Despite an outward display of boosterism characteristic of Atlanta for the time, the city’s African American leadership was not entirely comfortable with these compromises. On the one hand, T.M. Alexander, chair of the Atlanta Business League’s Housing Committee, openly bragged that “no city equals Atlanta for economic progress among its Negro citizens.” He joined Mayor William Hartsfield’s unofficial biracial advisory committee, the West Side Mutual Development Committee. Yet Alexander also berated the Metropolitan Planning Commission for its discriminatory land-use suggestions, writing, “No honest, intelligent Negro could, with a clear conscience, go on record as endorsing such proposals, with their insidious implications, however practical may be their application, nor how innocently they may have been inserted.”

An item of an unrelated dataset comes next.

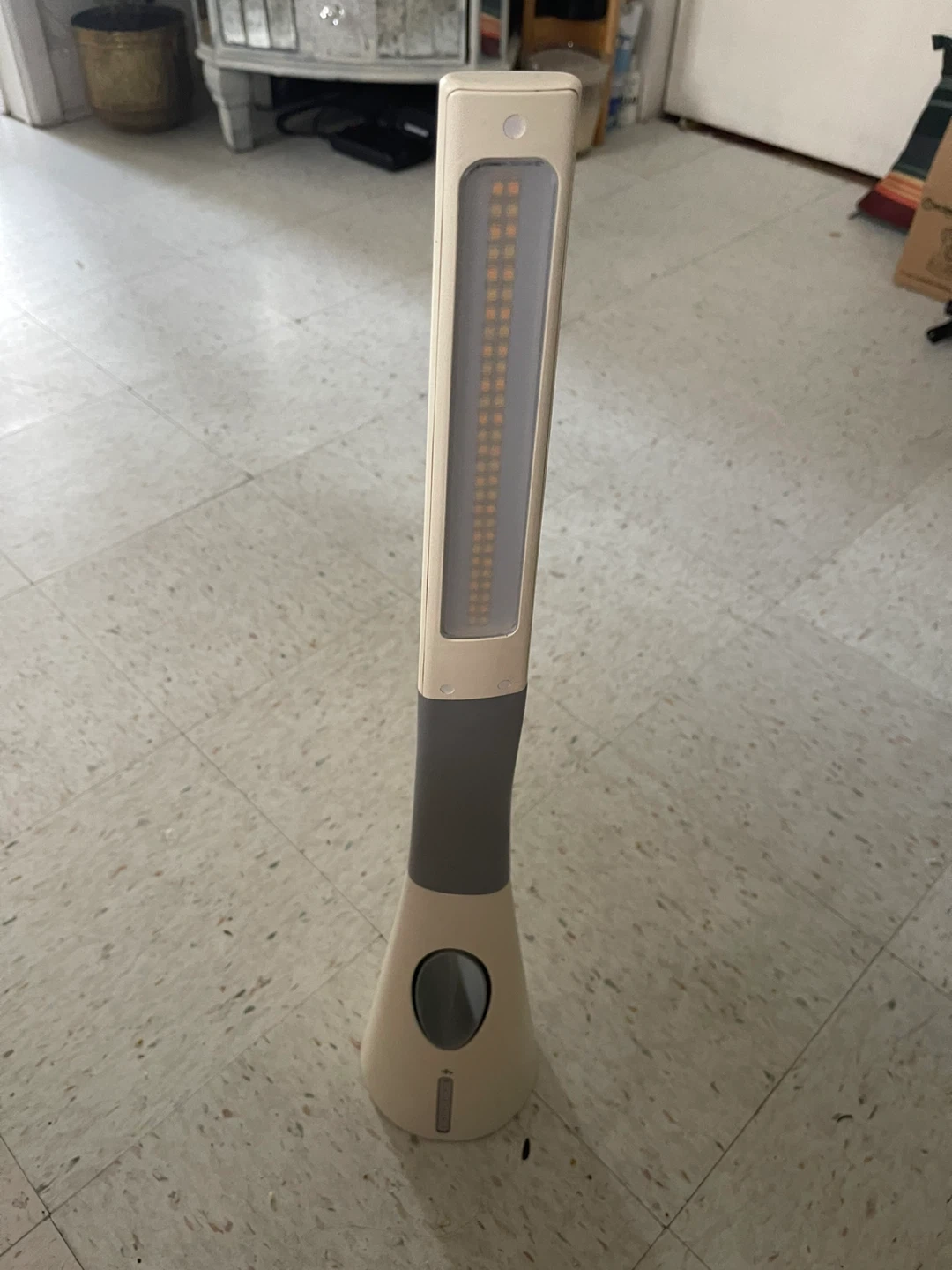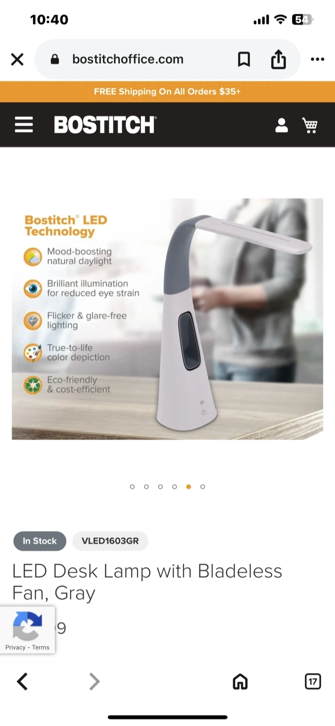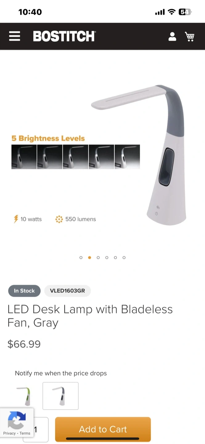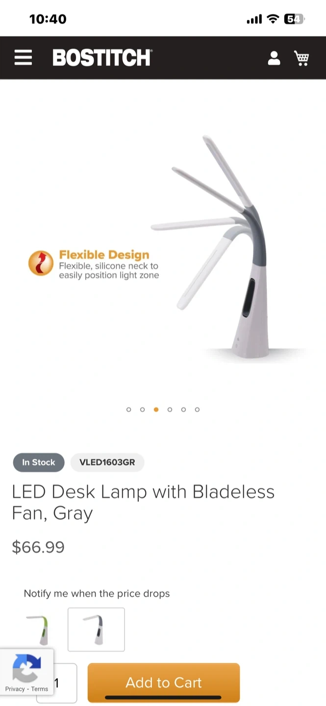 Selling a Bostitch LED desk lamp with a bladeless fan in gray. It features mood-boosting natural daylight and brilliant illumination for reduced eye strain. It also has flicker and glare-free lighting, and true-to-life color depiction. It's eco-friendly and cost-efficient. Originally priced at $66.99 + tax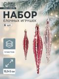 Ёлочные игрушка набор 6 шт. «Сосулька нить блеск» 15.5x3 см, розовый красный

Andrew Wiese, author of Places of Their Own: African American Suburbanization in the Twentieth Century, explains, “Integration simply wasn’t an option. The choice was really between better black neighborhoods that were separate or no neighborhoods at all . . . African Americans were very astute political players. They recognized how the game was played.” Collier Heights was their end run around the system.

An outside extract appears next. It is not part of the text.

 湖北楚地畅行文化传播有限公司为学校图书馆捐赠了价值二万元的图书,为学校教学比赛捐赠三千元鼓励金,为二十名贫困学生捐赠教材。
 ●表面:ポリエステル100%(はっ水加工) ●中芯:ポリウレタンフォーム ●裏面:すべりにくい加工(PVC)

While white community associations were preoccupied with bickering over established intown neighborhoods, African American investors began quietly buying undeveloped land on the western outskirts of town. In 1951, the Atlanta Urban League launched the surreptitious “Project X.” Businessmen, lawyers, doctors, an editor, teachers, and a housewife bought stock, with common shares going for $2 each, in a corporation that began to purchase thousands of acres of “farmland.” “We jumped over the whites,” AUL Housing Secretary Robert Thompson told Wiese in 1997. “As we jumped over, the whites moved further and further out . . . Got to the point where they couldn’t run no damn further . . . So they went . . . into Cobb County.”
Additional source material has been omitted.